Seguindo o caminho traçado pelos irmãos, Gabriel ingressou em um projeto de trainee em 2010, tendo a oportunidade de conhecer de perto e atuar em todos os setores da empresa. Atualmente cuida do programa “Bem mais Sustentável”, projeto que visa agrupar as iniciativas de sustentabilidade da empresa alinhadas ao propósito de ampliar o bem-estar na vida das pessoas. Nestes últimos 15 anos, em que pai e filhos administram o negócio, a Altenburg deixou de ser somente uma indústria para atuar também no varejo. Atualmente, são 14 lojas próprias e a marca está presente em mais de 10 mil pontos de venda por todos os estados brasileiros.

Sucessão familiar
O neto de Johanna anunciou que já tem o nome do seu sucessor e que já vem o preparando há 15 anos. Tiago Altenburg será o novo presidente da companhia e deve assumir ao longo deste ano. Com a mudança, Rui passará a presidir o conselho consultivo. “A sucessão não é um evento, mas um processo, e tivemos tempo de construir uma relação diferente dentro da empresa. Dentre as prioridades da nova gestão destaca-se: desenvolver novas lideranças, ampliar a automação e digitalização de processos, aumentar a inovação em produtos e ampliar a nossa rede de lojas. Nestes 15 anos de Altenburg aprendi que cada coisa acontece ao seu tempo. Paciência e resiliência são características importantes para ser um continuador e perpetuar o legado do meu pai, avós e bisavó”, diz Tiago.

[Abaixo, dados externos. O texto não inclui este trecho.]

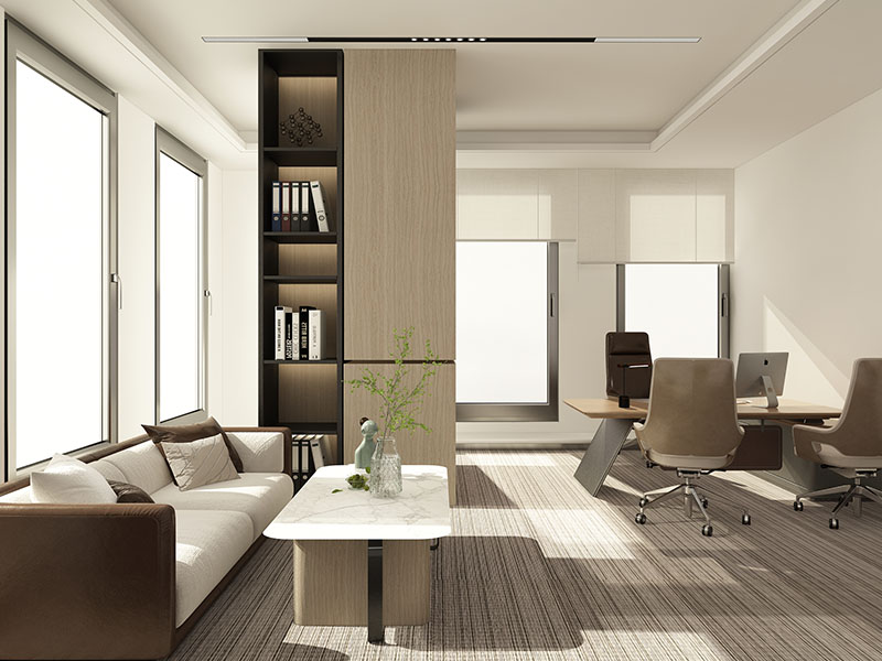 開(kāi)放與私密的平衡藝術(shù)輕奢辦公空間的布局,強(qiáng)調(diào) “通透感” 與 “功能性” 的統(tǒng)一。一方面,開(kāi)放辦公區(qū)采用規(guī)整且疏密有致的工位排列,利用線(xiàn)條的簡(jiǎn)潔性與空間的開(kāi)闊感,傳遞出企業(yè)的活力與秩序;另一方面,高管辦公室、會(huì)議室等私密區(qū)域,通過(guò)玻璃隔斷、木質(zhì)護(hù)墻等元素劃分,實(shí)現(xiàn)開(kāi)放與私密同存在的層次美學(xué),讓動(dòng)線(xiàn)流暢且富有節(jié)奏。
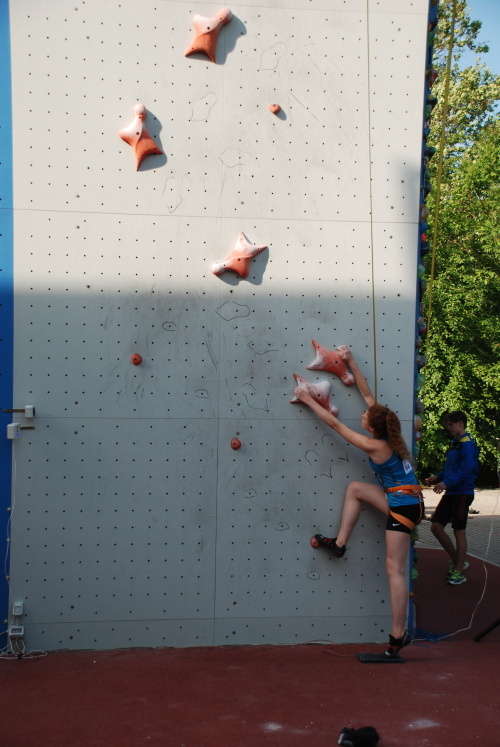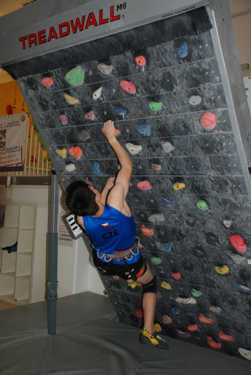 Zde se děcka snažila přivyknout prsty na originální chyty a hlavně potrénovat starty na profi časomíře. Ale jak chcete za tak krátkou chvíli dohnat celoroční přípravu soupeřů na certifikovaných stěnách?!
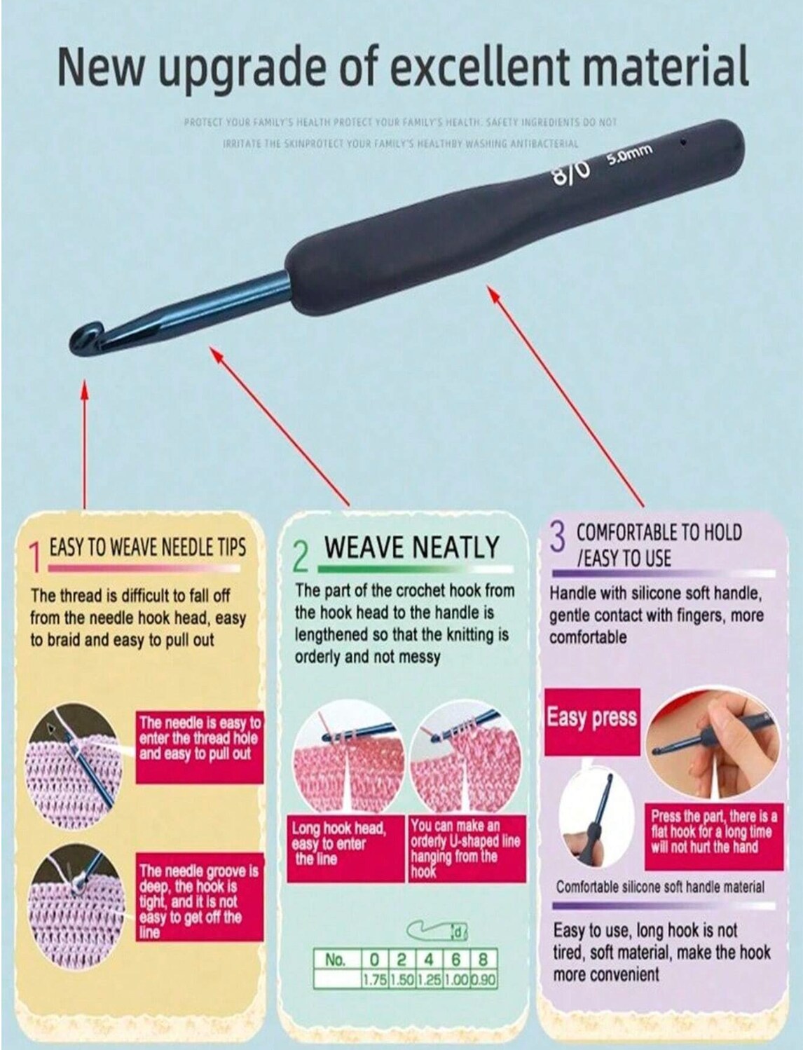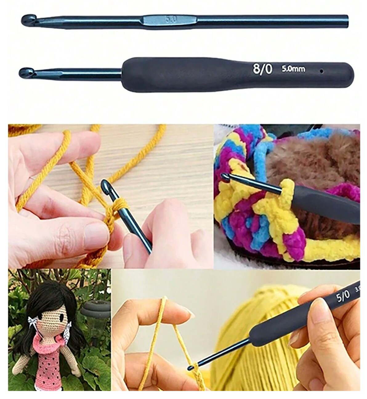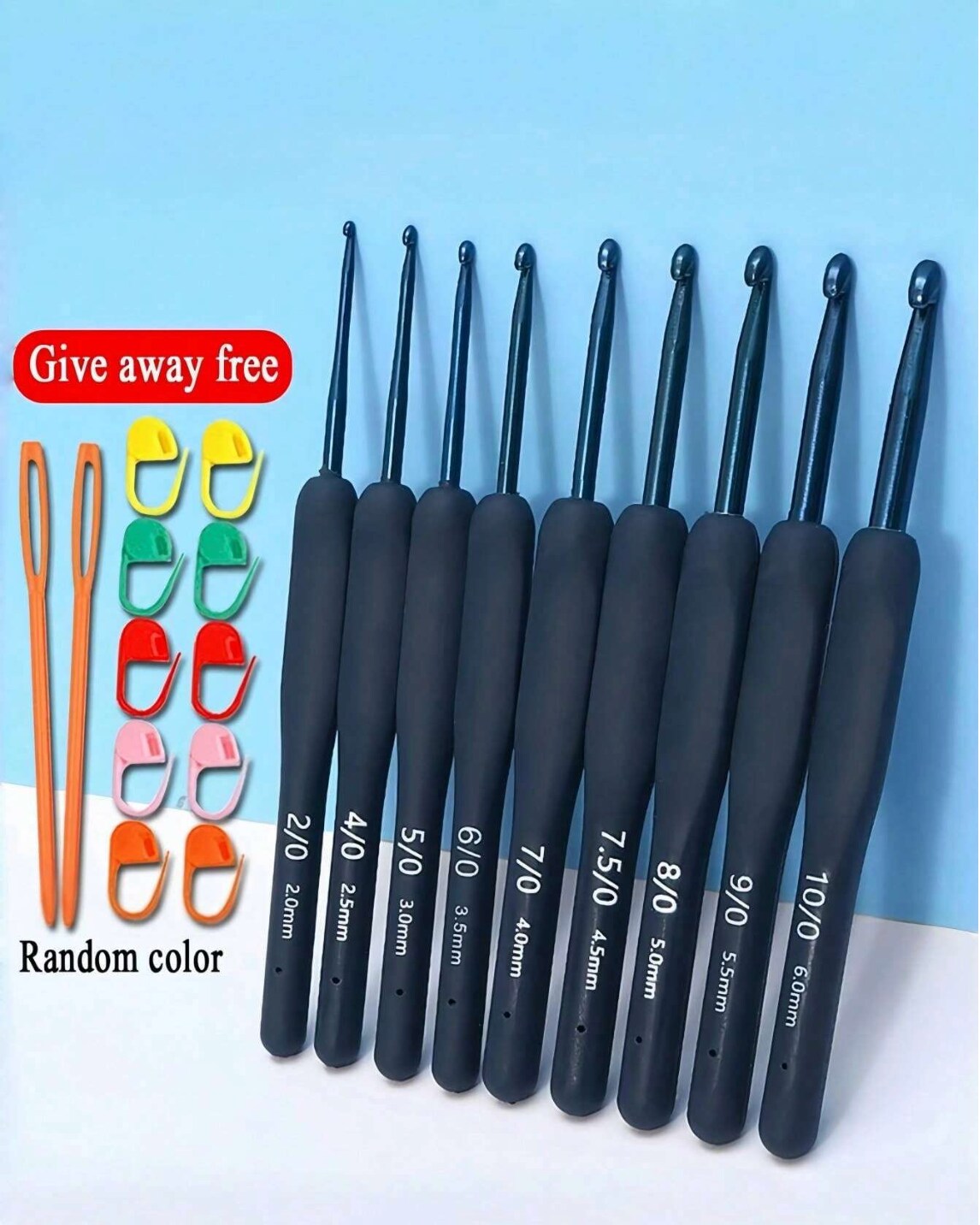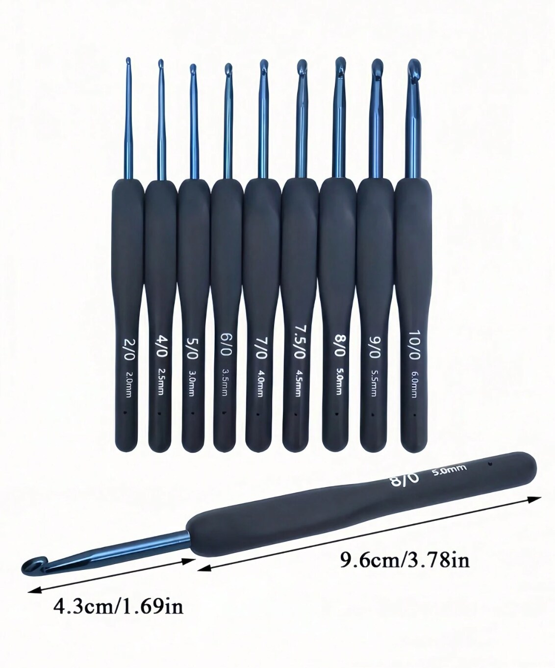 9Pcs Blue Stainless Steel Crochet Hook Set – Soft Grip Ergonomic Handles for Amigurumi, Yarn Craft & DIY – Beginner Knitting Needles Kit – Christmas Holiday Gift

Mirando no futuro, Tiago avalia com otimismo o cenário atual. “São muitos os desafios e estamos preparados. Acredito firmemente em nosso propósito e sua conexão com o novo consumidor, mais conectado e ávido por produtos que proporcionem experiências positivas; Isso tudo, com respaldo financeiro. Nos últimos anos temos registrado um crescimento na ordem de 10 a 15%, a receita anual do grupo ultrapassou os 610 milhões em 2021. Existe um estudo para ampliação da rede de lojas, bem como trabalhamos num e-commerce B2B, com a solidez de mais de 10 anos da nossa operação do B2C”, comenta.

O continuador, como Rui prefere chamar o seu sucessor, diz que o maior desafio será mesclar a avidez da juventude com o legado e sonhos que Rui Altenburg deixará para futuras implementações. “Além disso, a internacionalização da marca, que hoje já exporta para mais de 30 países, é um dos grandes passos a médio prazo”, finaliza Tiago Altenburg.